EXERCISE OBJECTIVE: With the material below, print exactly the lines between the line holding "这是在日本收入最多的100个职业,相信不会日语也能看懂。" and the line holding "水色と黄色のストライプ柄がさわやかなCELINE 1970~80's Vintageブラウス!", inclusive. Add nothing else.

RECORDS PROVIDED:
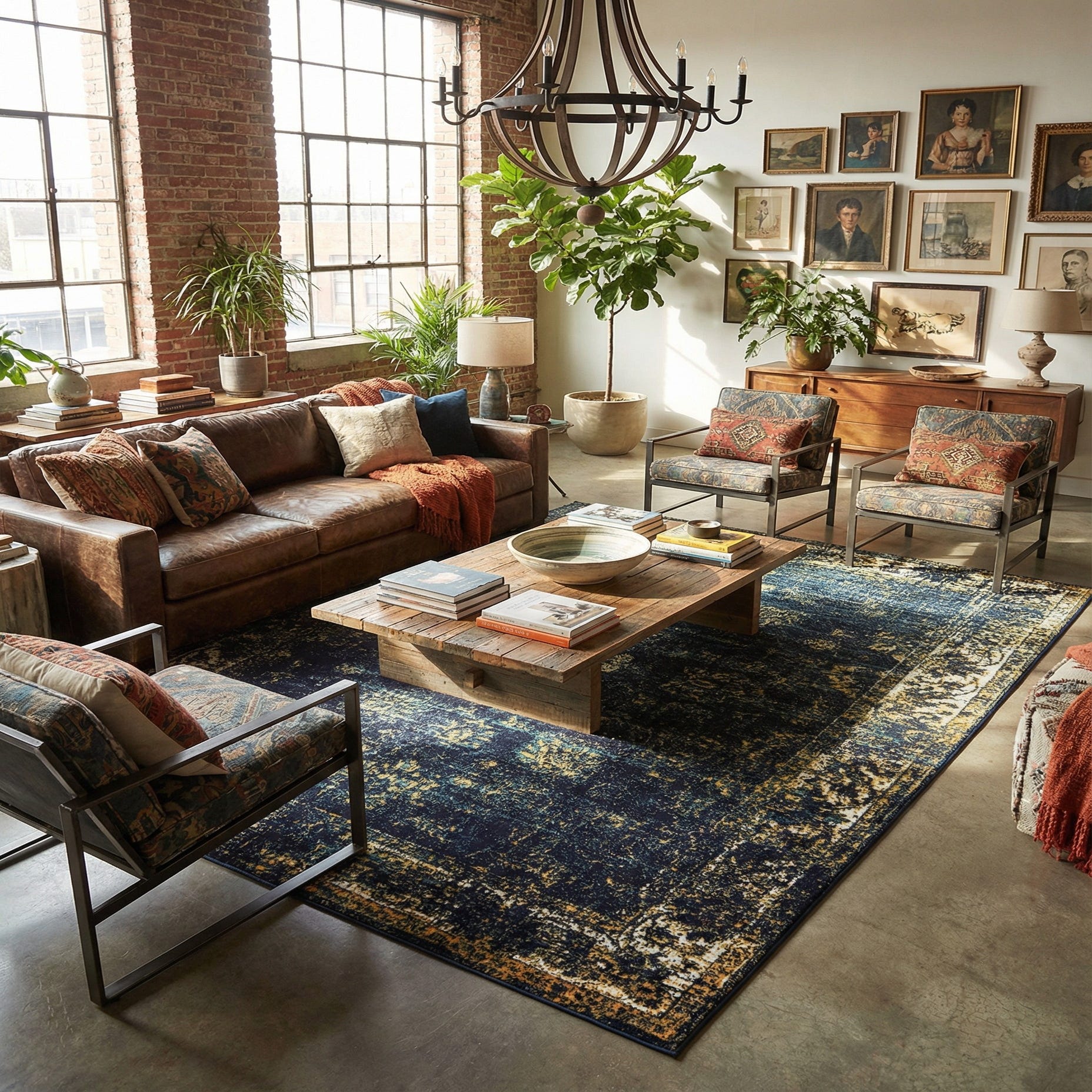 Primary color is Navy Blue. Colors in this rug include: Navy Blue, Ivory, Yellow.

---

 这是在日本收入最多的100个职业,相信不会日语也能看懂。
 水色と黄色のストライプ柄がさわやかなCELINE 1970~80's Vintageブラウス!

PROBLEM SOLUTION:
 这是在日本收入最多的100个职业,相信不会日语也能看懂。
 水色と黄色のストライプ柄がさわやかなCELINE 1970~80's Vintageブラウス!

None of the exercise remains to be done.